Um autor clássico e dotado de vida, por definição, é aquele que ganha o bônus da perenidade na medida em que seus temas e questões continuam mobilizando a imaginação dos leitores. Machado de Assis, por certo, está incluído nessa rara categoria e, por isso mesmo, transfonnou-se em uma esfinge difícil de ser decifrada. Como entender o valor desse escritor, cujas narrativas e personagens tanto serviram à sensibilidade do século XIX e ainda hoje reverberam sentimentos e interesses nossos conhecidos?
Muitas foram as respostas delineadas para a questão, em uma vasta bibliografia de estudos e hipóteses, mas o fato é que o segredo do bruxo de Cosrne Velho continua a intrigar criticos e admiradores. José Luiz Passos vem enriquecer essa tradição e propõe uma abordagem singular com vistas a entender por que o autor se tornou, com mérito, a referência central da moderna literatura brasileira.
Dotado de linguagem fluente e clareza conceitual Machado de Assis, o Romance com Pessoas mostra como a arte machadiana foi amadurecendo no decorrer do tempo e das obras sucessivas, enfatizando o papel de indivíduos voltados para uma atitude reflexiva e irônica diante dos seus impasses morais. Mesclando noções tomadas da filosofia, da sociologia e da história literária, este livro apresenta uma minuciosa análise dos traços que marcam alguns dos principais personagens do romancista, cuja disposição meditativa jamais exclui a possibilidade do auto-engano.
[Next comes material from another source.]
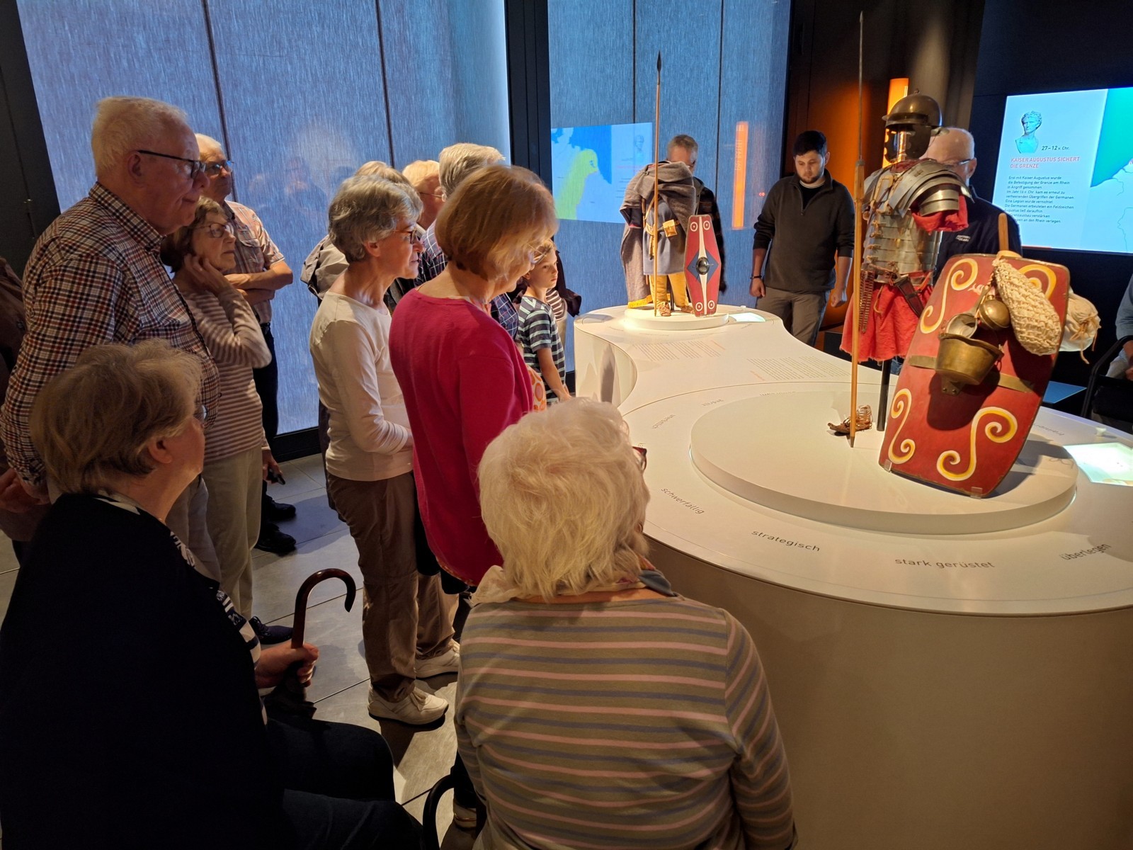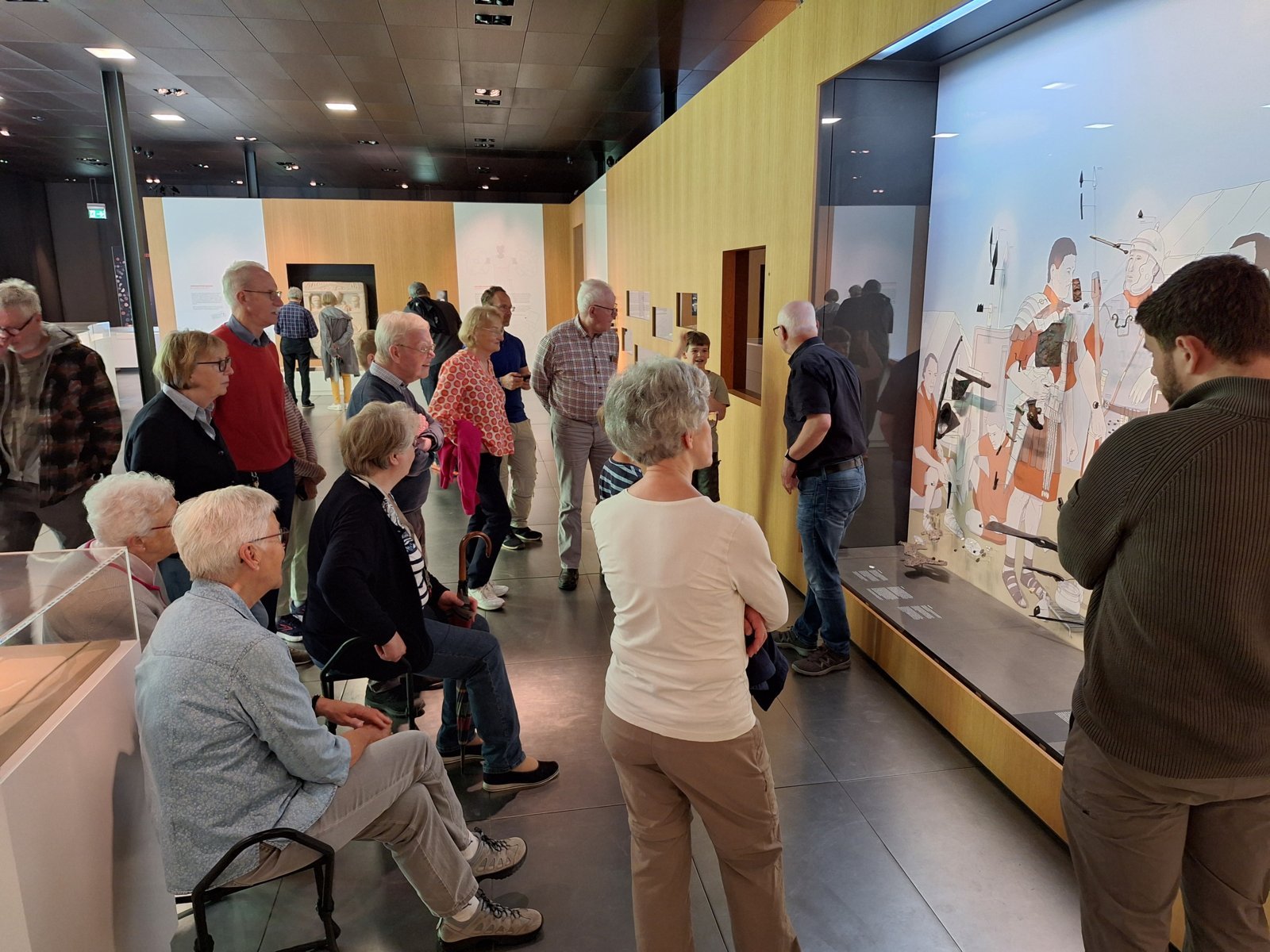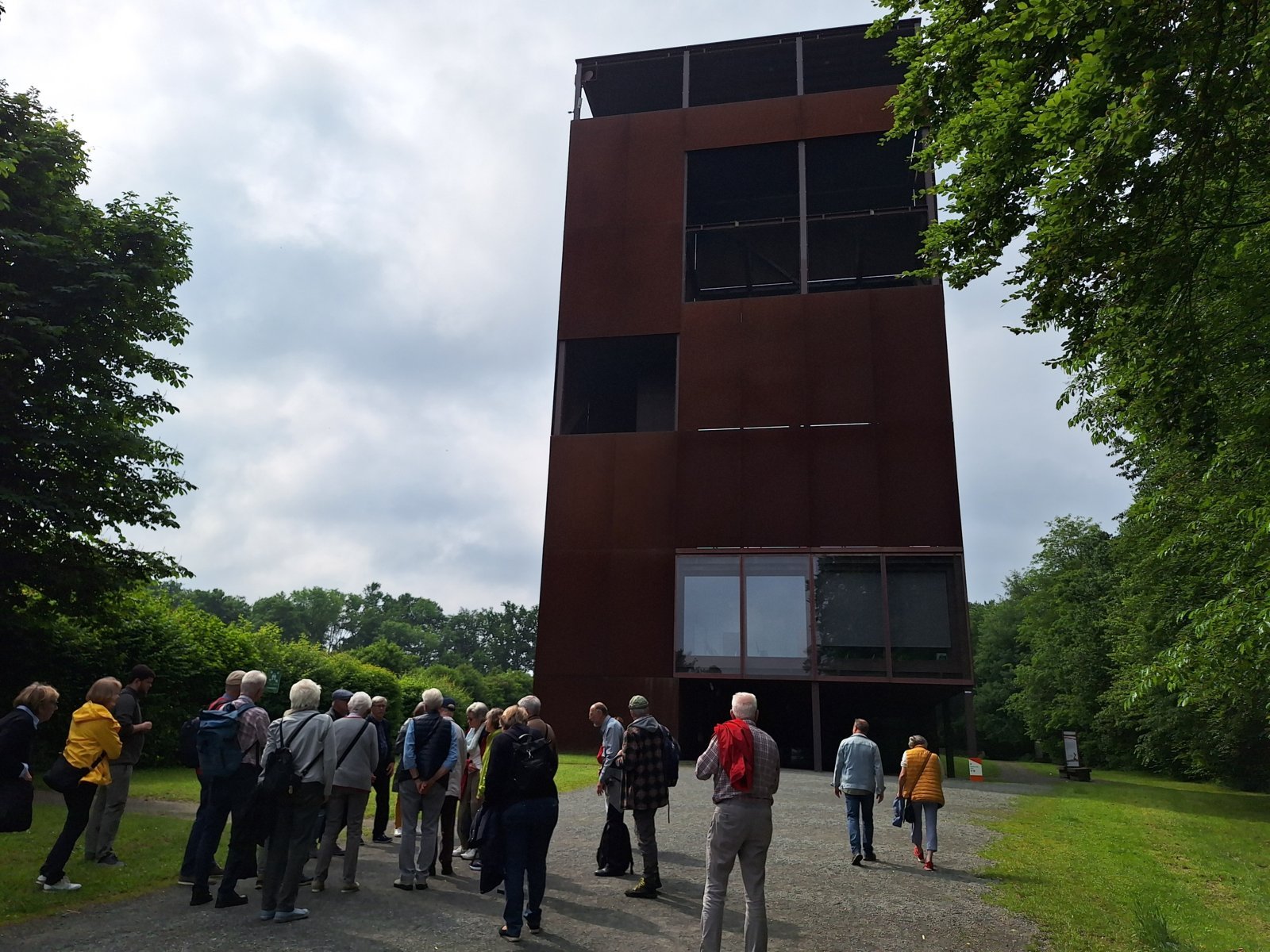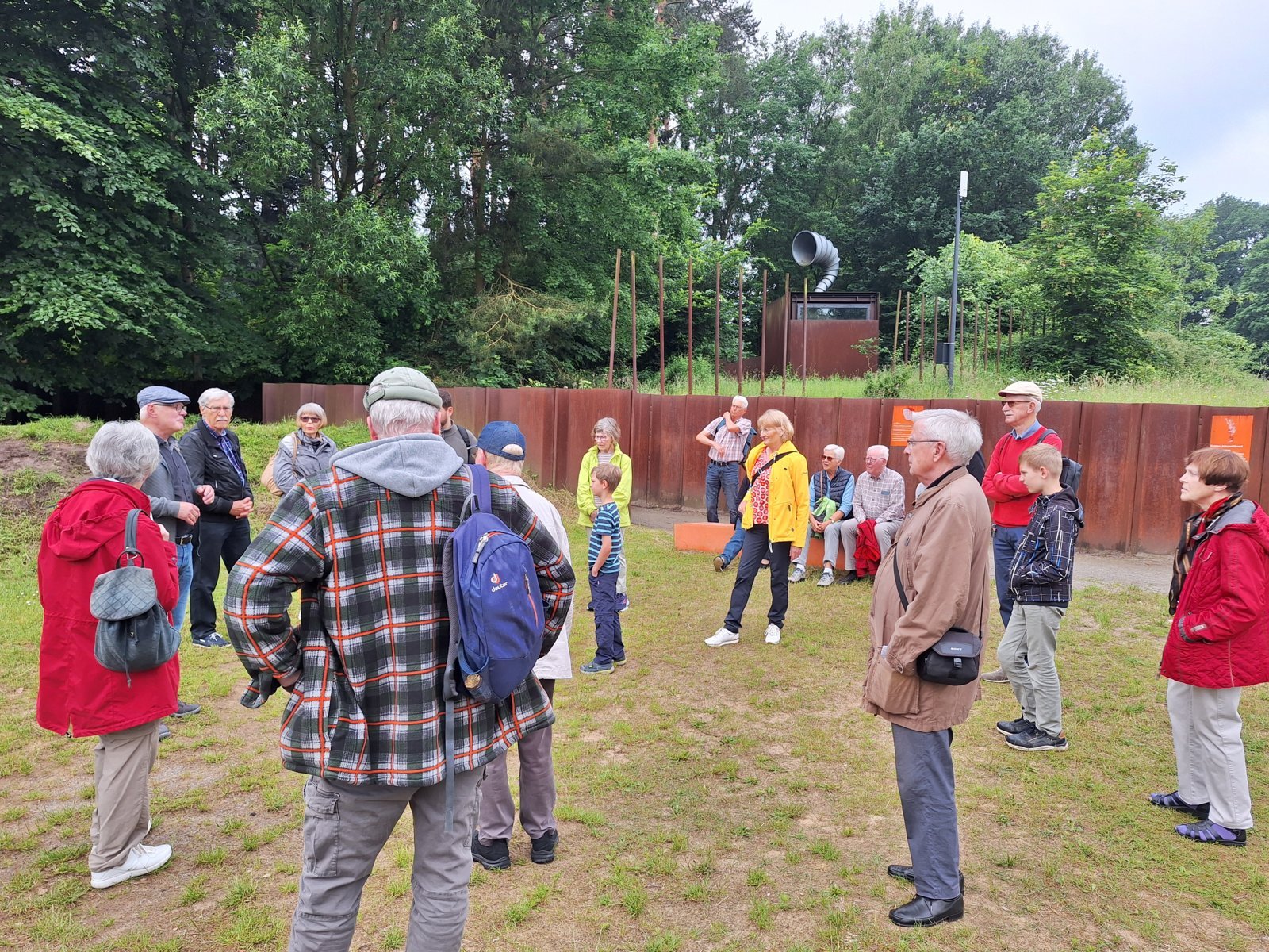 Die Teilnehmer/innen erkundeten zunächst unter Leitung von Dr. Wilhelm Bauhus und einem Führer in Kalkriese im archäologischen Park, auf dem imposanten Aussichtsturm und im Museum mit der ikonischen Silbermaske eines Centurios, wie sich mit innovativen Methoden das Schlachtfeld rekonstruieren lässt. Nach der Mittagspause im Gasthaus Varusschlacht führte Dr. Bauhus die Gruppe nach Westerkappeln im Tecklenburger-Land, um ein Ausgrabungsgelände der Jungsteinzeit zu besichtigen. Die Sloopsteene sind ein erst kürzlich wieder neu erforschtes Megalithgrab. Auf der Rückfahrt nach Roxel stand zum Schluss noch ein Gang zum Alten Eisenbahntunnel Lengerich auf dem Programm. Von 1941 – 1944 und in den letzten Kriegstagen Ende März 1945 nutzte die Lengericher Bevölkerung den alten Eisenbahntunnel als Zufluchtsort vor den Bombenangriffen.Zwischen März 1944 und Ende März 1945 wurde der Tunnel im Zuge der kriegsbedingten Untertage-Verlagerung der Produktion von Kriegswaffen als KZ-Außenlager von Neuengamme genutzt. 2015 wurde der Alte Tunnel unter Denkmalschutz gestellt.

Desde a prevenção diante do outro, presente na trama romântica de Ressurreição, passando pela formação do caráter de Brás Cubas ou ainda pelas reminiscencias de Dom Casmurro, entre outros exemplos, a chave da interpretação aqui proposta sustenta-se na idéia de que a prosa machadiana se ocupa em delinear pessoas morais singulares, envolvidas num dilema constante frente a situações sociais instáveis. Para tanto, recorrem com freqüência ao legado da memoria, envolvida numa atmosfera de ambiguidades, ou, ainda, a uma visão crítica e sarcástica que as afasta da realidade empírica. Não raro, essas pessoas recorrem também ao imaginário, evidenciando a divisão moral do sujeito e, com ela, o problema da justiça entre os homens.
Deparamo-nos, então, com um diálogo surpreendente entre Machado de Assis e William Shakespeare, através de um rol de personagens instigantes, donos de uma vida interior complexa que, marcada pelo desacordo consigo, deságua quase sempre no recurso ao poder reparador do passado e da fantasia. Qualidades essas que alimentam o estilo e a habilidade de Machado ao lidar com os mecanismos da escolha humana e as ciladas da subjetividade moderna. Questões capitais nos dias de hoje, a nos sugerir as razões da notável atualidade deste escritor. Clássico, ainda vivo e, mais que nunca, provocativo.